Simplifying steps without using the calculator for:
tan(cos^-1(-1/10))
cos(sin^−1(1/x)) Assume x is positive
tan(cos^−1(12/13))
cos^−1(cos 150°)
This is pretty much the entire section we are doing. My teacher is a robot and has us self teach ourselves. Can someone please tell me how I am supposed to do these without a calculator???
last one: the angle whose cosine is cosine of 150? You have to be kidding..150.
next to last one:
tan theta=sinTheta/cosTheta where theta is arccos12/13
hmmm then you have
sin arcsos( )/cos arc cos( ) or
sin arecos ( ). Now draw the triangle, isn't it a a 5 12 13 triangle. so the sin is 5/13? check that.
the second one. draw the triangle. I see the last side as sqrt (x^2 -1). so cos must be sqrt(1-x^2)/x
So, how are you supposed to do these without a calculator? Analyze the expressions.
I can definitely help you understand how to solve these problems without using a calculator. Let's break down each problem step by step:
1. tan(cos^-1(-1/10)):
- Start by finding the value of cos^-1(-1/10). This means finding the angle whose cosine equals -1/10.
- Since cosine is negative in the second and third quadrants, we need to find the angle between 90° and 270° that has a cosine of -1/10.
- To find this angle, you can use the identity: cos^-1(-x) = π - cos^-1(x)
- So, cos^-1(-1/10) = π - cos^-1(1/10)
- Now, find the value of cos^-1(1/10).
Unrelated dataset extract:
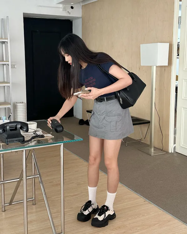 高腰工裝迷你裙(3col)

This means finding the angle whose cosine equals 1/10.
- Using the inverse cosine function, you can find this angle as approximately 84.3°.
- Therefore, cos^-1(-1/10) ≈ π - 84.3° ≈ 95.7°
- Finally, find the tangent of 95.7° to get the answer.
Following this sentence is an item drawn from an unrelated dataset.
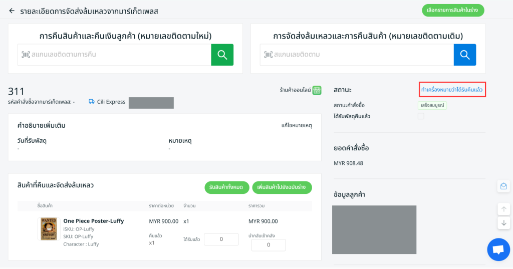 2. รับสินค้าคืนจากลูกค้าและออเดอร์ส่งไม่สำเร็จ

2. cos(sin^−1(1/x)) (assuming x is positive):
- Start by finding the value of sin^−1(1/x). This means finding the angle whose sine equals 1/x.
- Using the inverse sine function, you can find this angle as sin^−1(1/x).
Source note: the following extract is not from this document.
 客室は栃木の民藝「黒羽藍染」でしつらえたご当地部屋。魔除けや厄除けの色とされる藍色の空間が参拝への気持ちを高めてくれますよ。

- Now, take the cosine of sin^−1(1/x) to get the answer.
3. tan(cos^−1(12/13)):
- Start by finding the value of cos^−1(12/13). This means finding the angle whose cosine equals 12/13.
- Using the inverse cosine function, you can find this angle as approximately 22.6°.
- Finally, find the tangent of 22.6° to get the answer.
4. cos^−1(cos 150°):
- Since the inverse cosine function gives angles between 0° and 180°, we need to find an angle between 0° and 180° whose cosine is the same as cos 150°.
- Using the unit circle or the periodicity of cosine, we can determine that cos 150° is equivalent to cos 30°.
- Therefore, cos^−1(cos 150°) = 30°.
Remember, these steps are providing a general approach to solving these problems without a calculator. It's important to have a strong understanding of trigonometric concepts, identities, and properties to solve such problems accurately.